Exercise details: In the entries that follow, repeat exactly the lines from the one that has "Teriman Anugrah Halawa, S.H." through the one that has "Строим основание, затем", but omit pictures.

Material supplied:
-*-*-

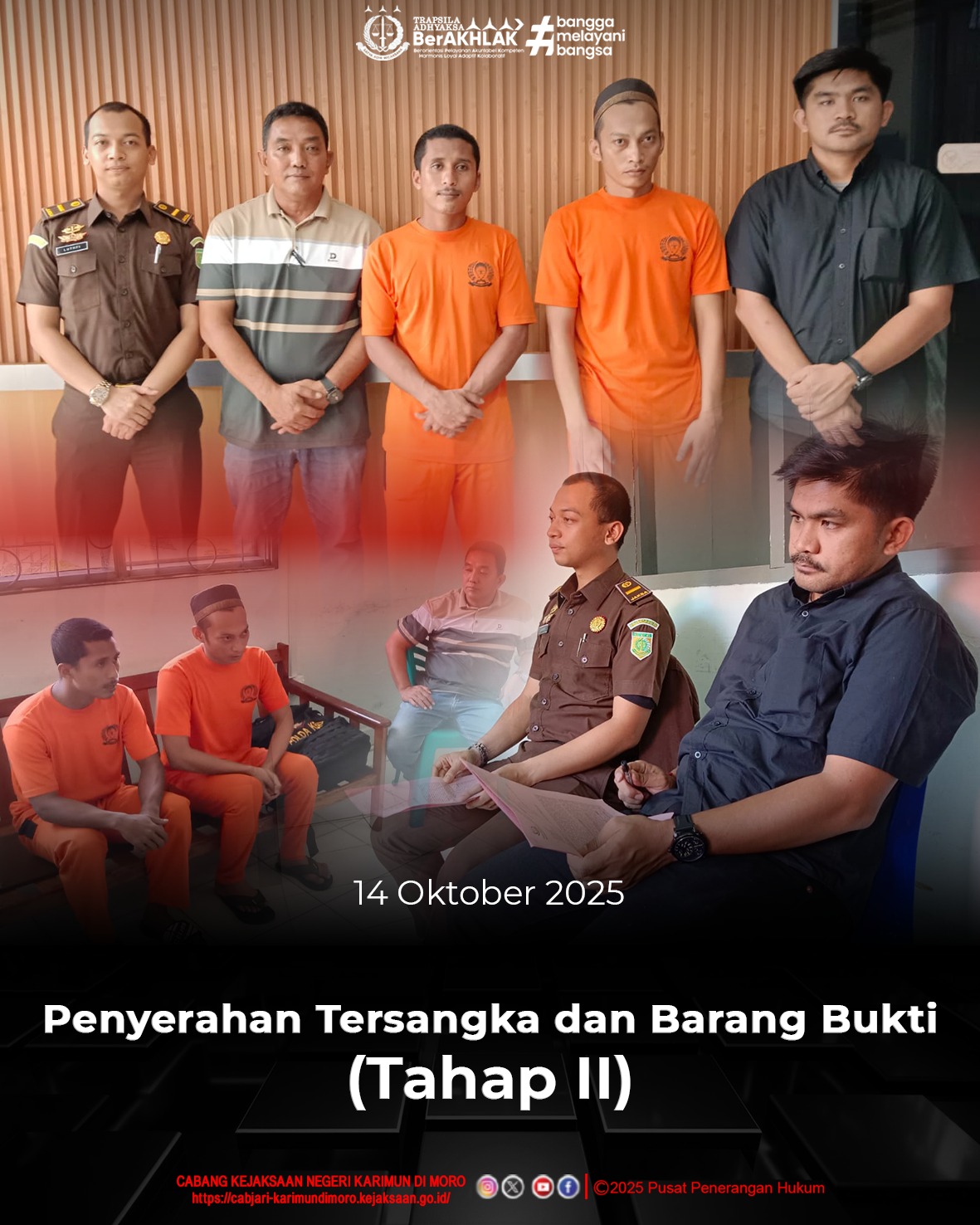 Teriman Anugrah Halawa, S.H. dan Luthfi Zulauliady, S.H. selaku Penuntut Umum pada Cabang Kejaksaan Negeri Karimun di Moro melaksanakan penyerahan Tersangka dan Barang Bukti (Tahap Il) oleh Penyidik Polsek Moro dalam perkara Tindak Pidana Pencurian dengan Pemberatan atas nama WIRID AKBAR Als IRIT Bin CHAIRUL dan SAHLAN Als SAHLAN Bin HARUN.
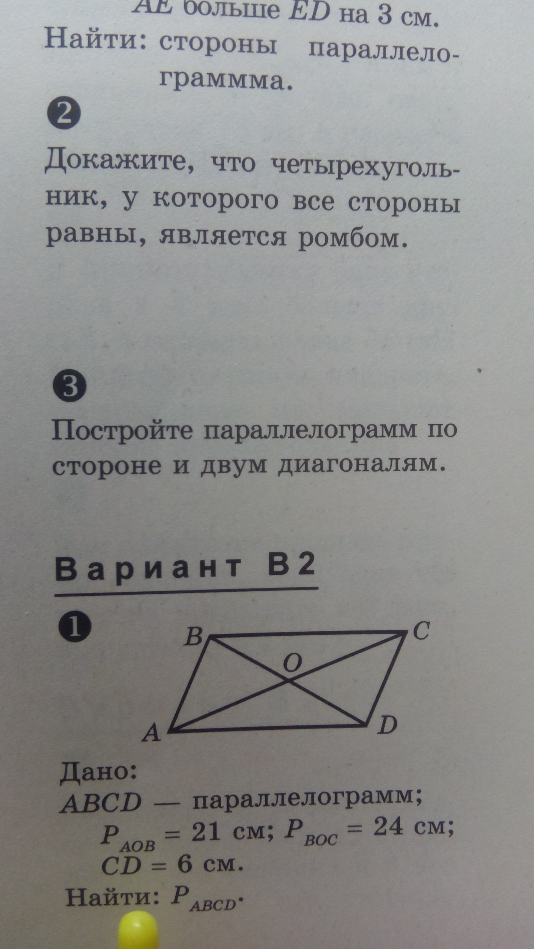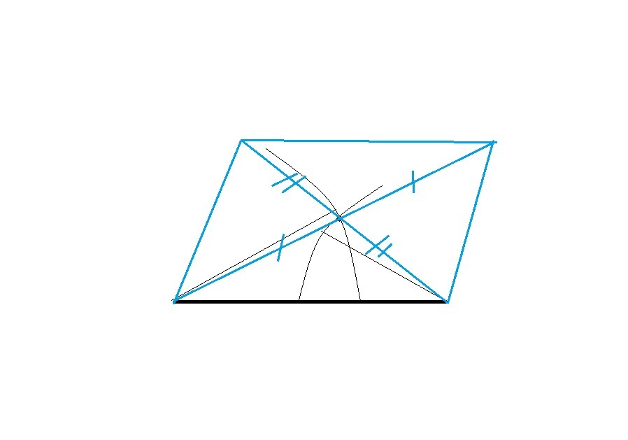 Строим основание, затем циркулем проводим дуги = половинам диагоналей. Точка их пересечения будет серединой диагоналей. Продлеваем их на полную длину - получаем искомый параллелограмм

-*-*-

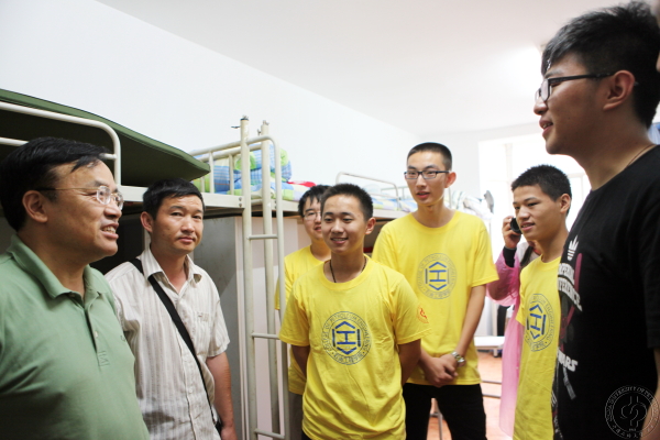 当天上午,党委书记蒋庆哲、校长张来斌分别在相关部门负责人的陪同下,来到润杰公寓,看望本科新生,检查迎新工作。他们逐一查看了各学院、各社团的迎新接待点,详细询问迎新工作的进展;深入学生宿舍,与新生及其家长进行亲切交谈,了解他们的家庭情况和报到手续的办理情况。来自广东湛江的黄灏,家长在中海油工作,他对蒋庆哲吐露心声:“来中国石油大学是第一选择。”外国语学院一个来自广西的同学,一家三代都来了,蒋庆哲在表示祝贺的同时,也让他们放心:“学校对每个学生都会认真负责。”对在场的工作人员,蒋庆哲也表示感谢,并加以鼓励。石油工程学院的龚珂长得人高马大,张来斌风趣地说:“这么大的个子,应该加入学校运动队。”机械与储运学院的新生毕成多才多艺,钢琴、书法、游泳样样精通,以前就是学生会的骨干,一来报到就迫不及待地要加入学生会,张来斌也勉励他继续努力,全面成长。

-*-*-

Answer to this exercise:
 Teriman Anugrah Halawa, S.H. dan Luthfi Zulauliady, S.H. selaku Penuntut Umum pada Cabang Kejaksaan Negeri Karimun di Moro melaksanakan penyerahan Tersangka dan Barang Bukti (Tahap Il) oleh Penyidik Polsek Moro dalam perkara Tindak Pidana Pencurian dengan Pemberatan atas nama WIRID AKBAR Als IRIT Bin CHAIRUL dan SAHLAN Als SAHLAN Bin HARUN.
 Строим основание, затем циркулем проводим дуги = половинам диагоналей. Точка их пересечения будет серединой диагоналей. Продлеваем их на полную длину - получаем искомый параллелограмм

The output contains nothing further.